→ **Saved data entries**
# # # # # # #

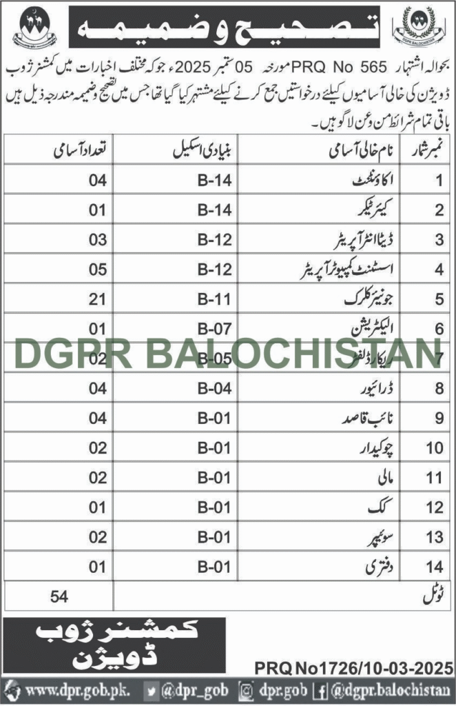 Correction and Addendum: Revised Vacancies Announced by Commissioner Zhob Division
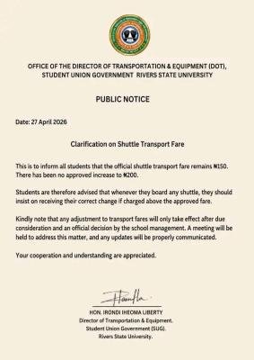 This is to inform all students that the official shuttle transport fare remains ₦150. There has been no approved increase to ₦200.
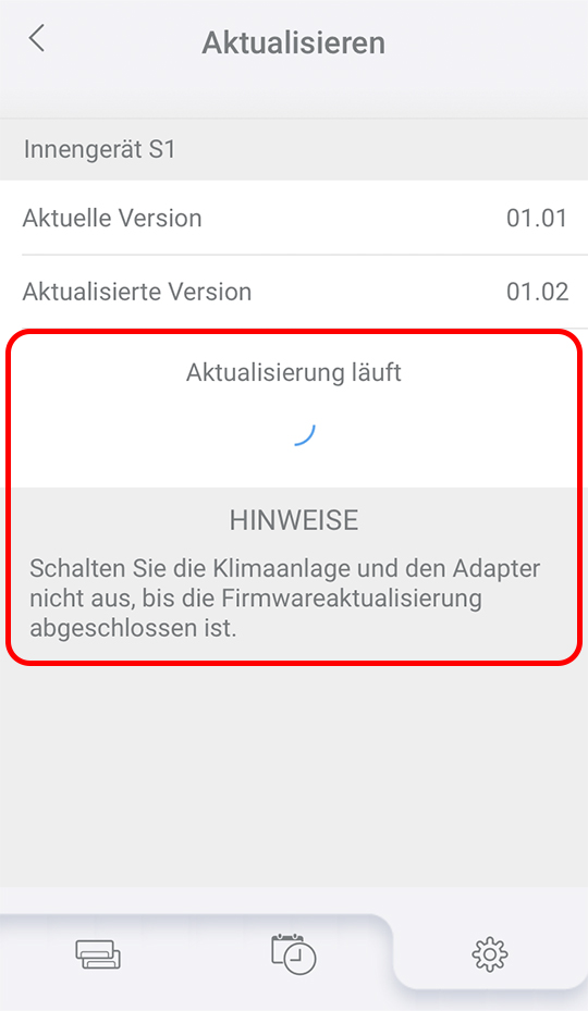 - Die Firmware von Innengerät S1 wird aktualisiert.
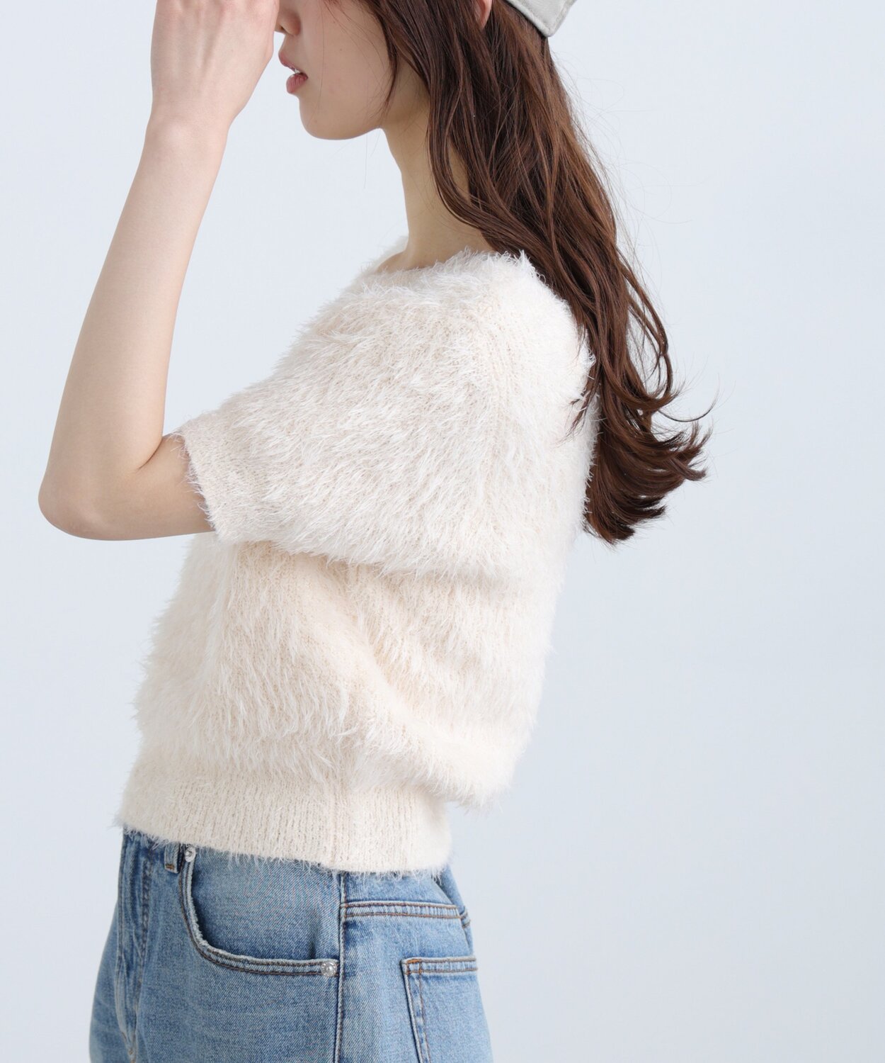 Милый, мягкий и удобный трикотажный кардиган с короткими рукавами из пушистого ворсистого материала. Его можно носить как спереди, так и сзади, создавая V-образный или круглый вырез. Компактный силуэт позволяет сочетать его с любыми брюками и юбками, включая мини-юбки и широкие брюки. Также рекомендуется использовать в качестве нижнего слоя под куртку. Подходит для самых разных стилей, от повседневного до элегантного.
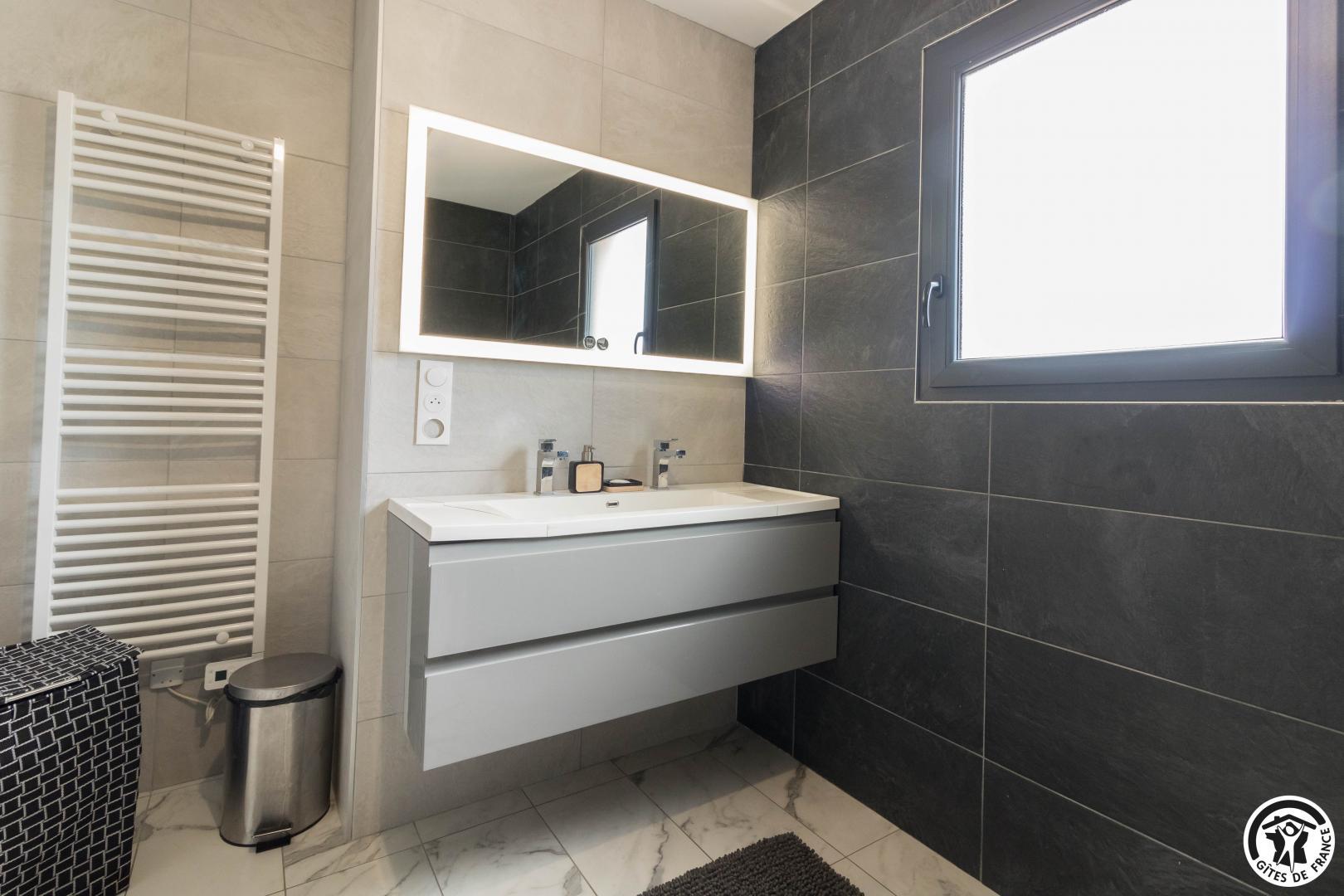 Nabil, the owner, offers you a wellness break in his new, modern house, where you can enjoy a private outdoor swimming pool (4x8m) and spa. You’ll be able to take a break from the pressures of everyday life during your stopover in the charming citadel of Merville. Mr Belguellaoui has made every effort to build a comfortable, well-equipped house. The tiles in the living room are the same as those in the swimming pool, giving you a feeling of infinity.
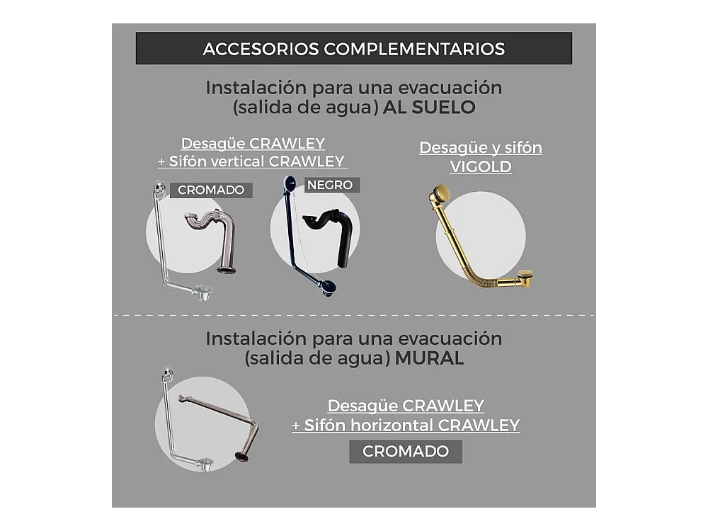 Baignoire sur pieds en fonte PLYMOUTH Grise 153 cm Pieds chromés
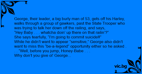 George, their leader, a big burly man of 53, gets off his Harley, walks through a group of gawkers, past the State Trooper who was trying to talk her down off the railing, and says,
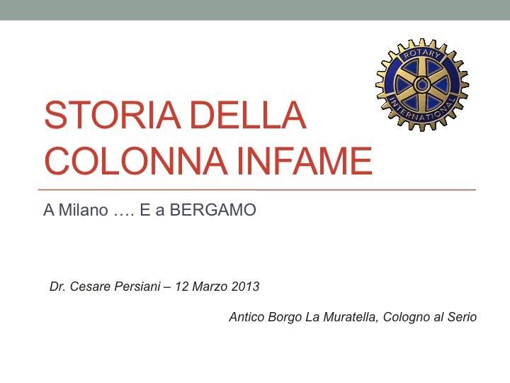 Ristorante “Antico Borgo La Muratella” Cologno al Serio Storia della Colonna Infame a Milano… e a Bergamo Relatore: dottor Cesare Persiani, scrittore Nella serata di martedì 12 marzo u.s., il Dott. Cesare Persiani* è stato nostro graditissimo ospite, deliziandoci con un sapiente quanto garbato tuffo nella storia e che storia… quella della colonna infame, con […]
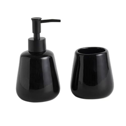 Nada melhor do que ter um banheiro organizado e com objetos proporcionando beleza ao ambiente não é mesmo Pensando nisso, a jolitex criou o kit banheiro primor preto para completar a decoração do seu banheiro. O kit possui 2 peças de cerâmica, sendo um dispenser para sabonete líquido e um pote para organização de itens da sua preferência, tornando o ambiente mais organizado e prático para o seu dia-a-dia e da sua família. A cor preta combina com qualquer decoração, além de dar um toque de requinte ao ambiente.
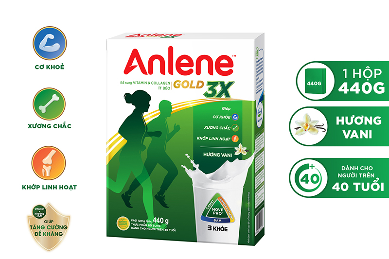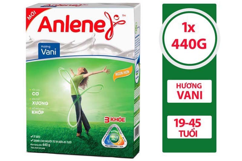 Sữa AnleneDưỡng chất tốt cho xương: Canxi, Vitamin D, Magie, Kẽm đáp ứng chuẩn 100% nhu cầu theo khuyến nghị của Bộ Y Tế.
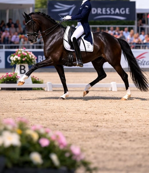 Black Beauty Dream Horse, a truly ideal partner Absolutely reliable and a great schoolmaster A black pearl that couldn't be more beautifully described, captivating with its elegant appearance and exceptionally lovable character. Completely well-behaved and dependable – an ideal school horse for the whole family. Easy to ride, sensitive to aids, and proficient in all dressage movements. Multiple wins and placings in dressage competitions. Additionally, a true all-rounder that also enjoys jumping. With approximately 16.1 hh, a long neck, and a harmonious build, he is a real eye-catcher. In top condition and healthy, regularly vaccinated and dewormed. Regularly shod, but currently running barefoot. Good with the farrier and loading, socially confident. Very people-oriented, affectionate, and easy to handle daily. Always willing to work, motivated, and enthusiastic about his tasks. A horse that makes every day enjoyable and will bring happiness to his new owner. His complete tack, as well as dressage and jumping saddles, can be included upon request. Due to personal reasons, he is offered for a loving new home. The horse is in his prime and in his early twenties. Serious inquiries only, please include your name, phone number, and a brief introduction about yourself for the first impression.
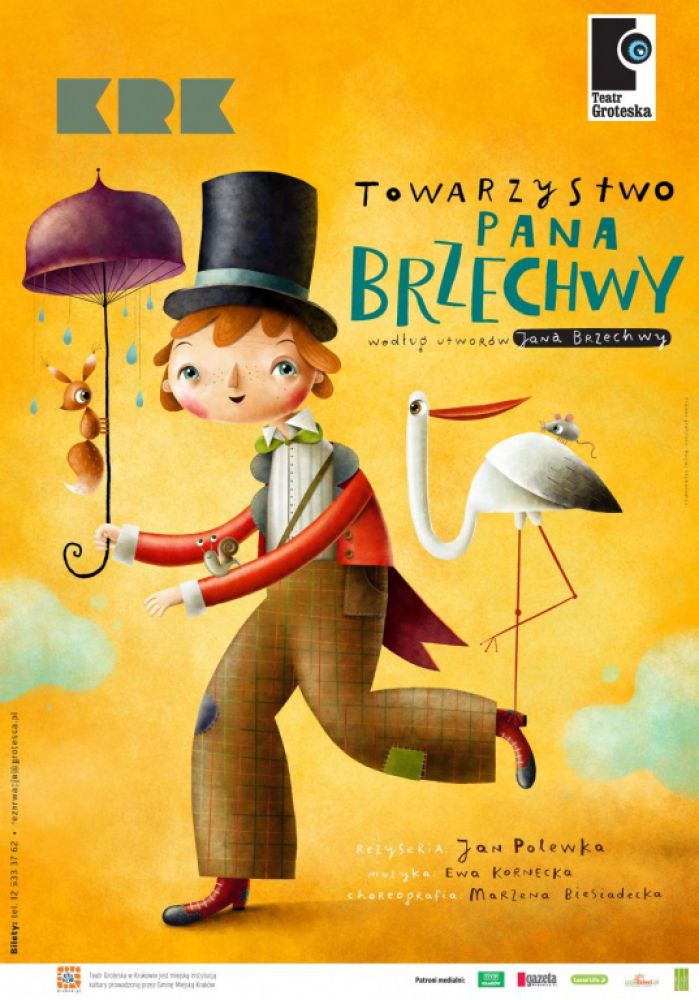 Bohaterem przedstawienia jest dzielny i utalentowany chłopiec Tomek Drops. Wysłany przez starszych braci w œwiat, decyduje się spełnić swoje marzenia i zakłada wędrowny teatr. Po drodze spotka: Bociana, Myszkę, Wiewiórkę, Œlimaka i Stonogę – zwierzštka, które wstępujš do jego grupy aktorskiej. Reżyser Tomek i jego aktorzy odnoszš olbrzymie sukcesy. Przedstawienie mšdre, dowcipne, oparte na znakomitej literaturze Jana Brzechwy, pełne doskonałych wierszy i piosenek. Całoœć utrzymana w konwencji teatru maskowego skrzy dowcipem i zachwyca zespołowš grš aktorskš.
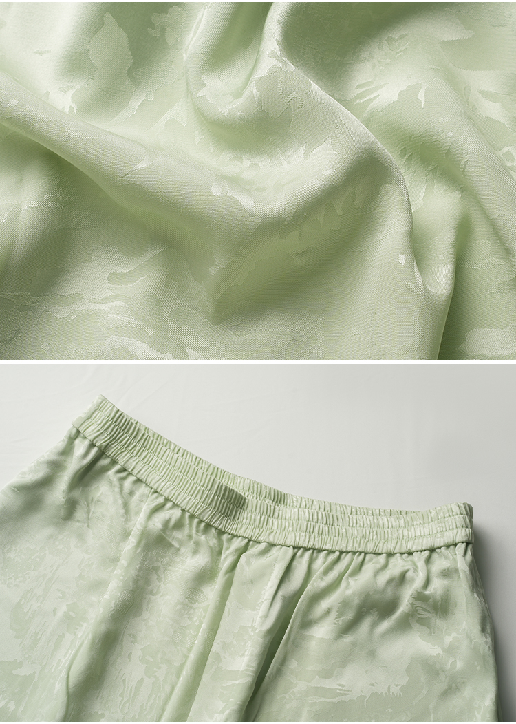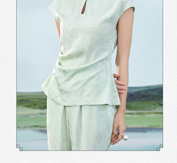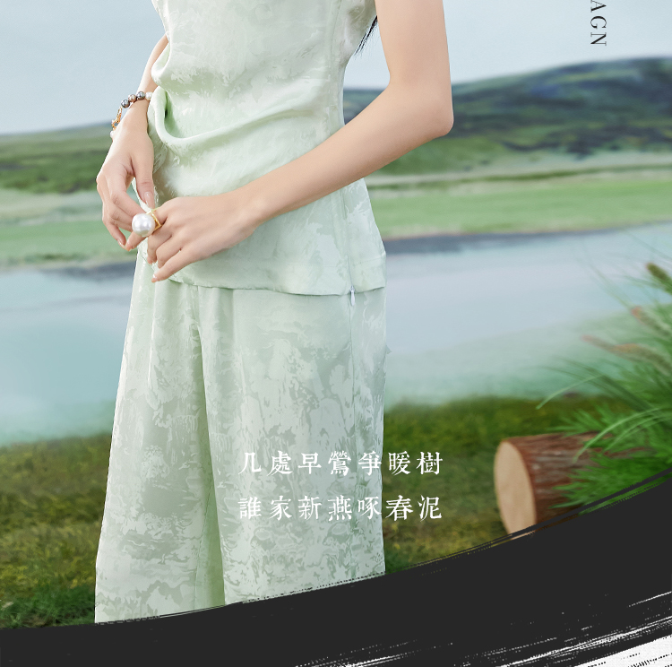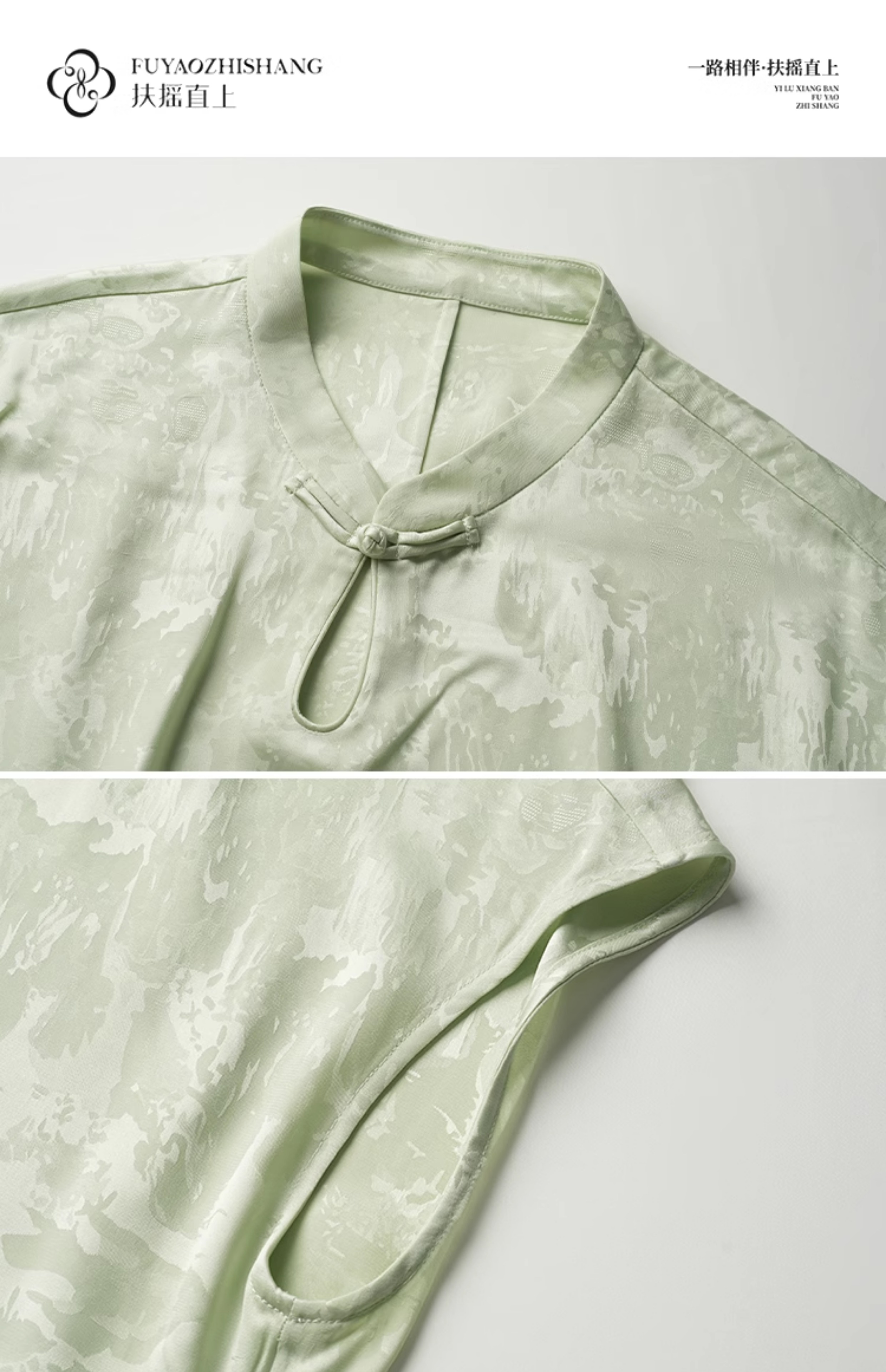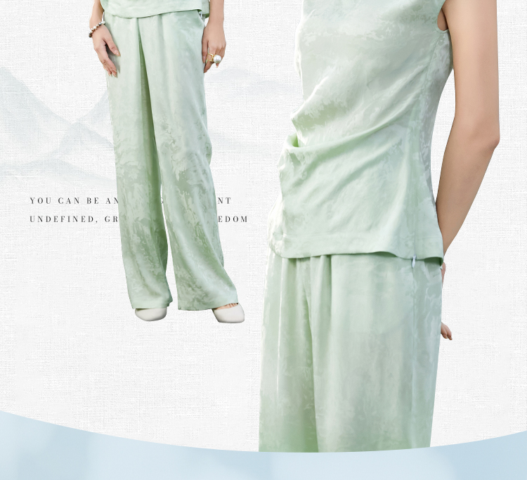 FUYAO扶摇 绿色衬衫阔腿裤两件套女夏季新款盐系轻熟国风茶服套装

# # # # # # #

→ **What you should do**
Make an exact copy of the lines above, beginning with the line with "Baignoire sur pieds" and ending with the line with "infame, con […]", and keep the pictures out of it.

→ **Solution to this exercise**
 Baignoire sur pieds en fonte PLYMOUTH Grise 153 cm Pieds chromés
 George, their leader, a big burly man of 53, gets off his Harley, walks through a group of gawkers, past the State Trooper who was trying to talk her down off the railing, and says,
 Ristorante “Antico Borgo La Muratella” Cologno al Serio Storia della Colonna Infame a Milano… e a Bergamo Relatore: dottor Cesare Persiani, scrittore Nella serata di martedì 12 marzo u.s., il Dott. Cesare Persiani* è stato nostro graditissimo ospite, deliziandoci con un sapiente quanto garbato tuffo nella storia e che storia… quella della colonna infame, con […]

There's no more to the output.